:: EXERCISE DESCRIPTION ::
The pictures in the data below are to be omitted; all else must be duplicated exactly.

:: SOURCE DATA ::
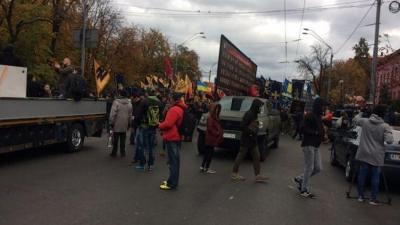 В центре Киева вдоль бульвара Шевченко начался марш с участием представителей ВО «Свобода», «Национального корпуса», «Правого сектора» и других националистических организаций.
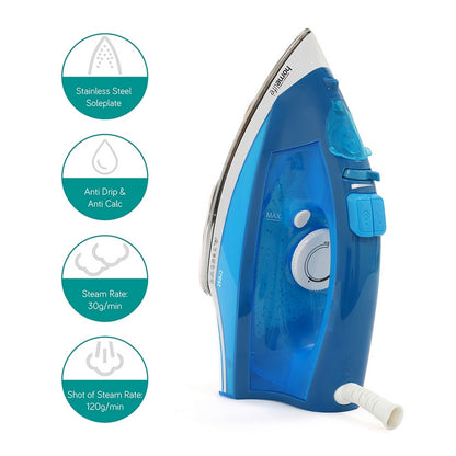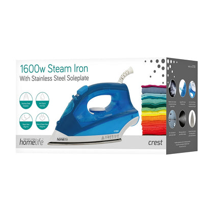 Crest Steam Iron with Stainless Steel Soleplate Blue - 1600W
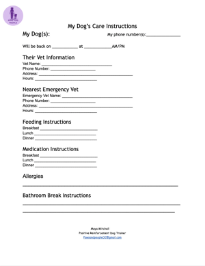 We’ll send the full form straight to your inbox! This has been so helpful for dog sitters, and gives pet parents peace of mind that their sitter knows what to do in any circumstance!
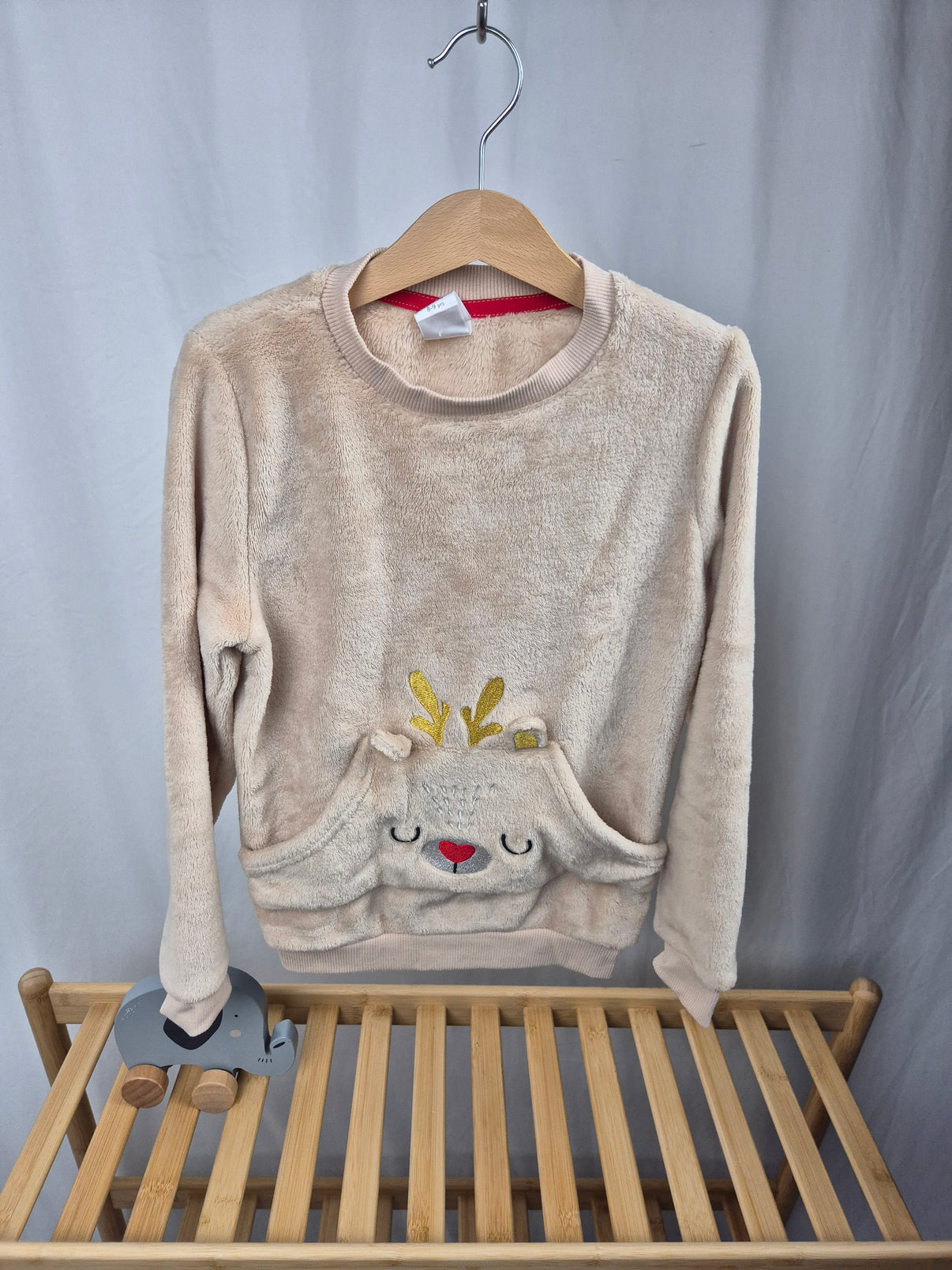 Mazlivě hebká dívčí mikina z Pepco v jemném béžovém odstínu zahřeje na těle i na duši. Přední kapsa ve tvaru spícího sobíka s 3D oušky, červeným srdíčkovým nosíkem a zlatými parůžky z ní dělá kouzelný zimní kousek plný detailů. Vnitřní strana je příjemně měkká, ideální na chladné dny. Skvělá volba na zimu do školky, školy nebo na sváteční chvíle – zaručeně vykouzlí úsměv na tváři každé malé slečně.

:: WRITTEN REPLY ::
 В центре Киева вдоль бульвара Шевченко начался марш с участием представителей ВО «Свобода», «Национального корпуса», «Правого сектора» и других националистических организаций.
 Crest Steam Iron with Stainless Steel Soleplate Blue - 1600W
 We’ll send the full form straight to your inbox! This has been so helpful for dog sitters, and gives pet parents peace of mind that their sitter knows what to do in any circumstance!
 Mazlivě hebká dívčí mikina z Pepco v jemném béžovém odstínu zahřeje na těle i na duši. Přední kapsa ve tvaru spícího sobíka s 3D oušky, červeným srdíčkovým nosíkem a zlatými parůžky z ní dělá kouzelný zimní kousek plný detailů. Vnitřní strana je příjemně měkká, ideální na chladné dny. Skvělá volba na zimu do školky, školy nebo na sváteční chvíle – zaručeně vykouzlí úsměv na tváři každé malé slečně.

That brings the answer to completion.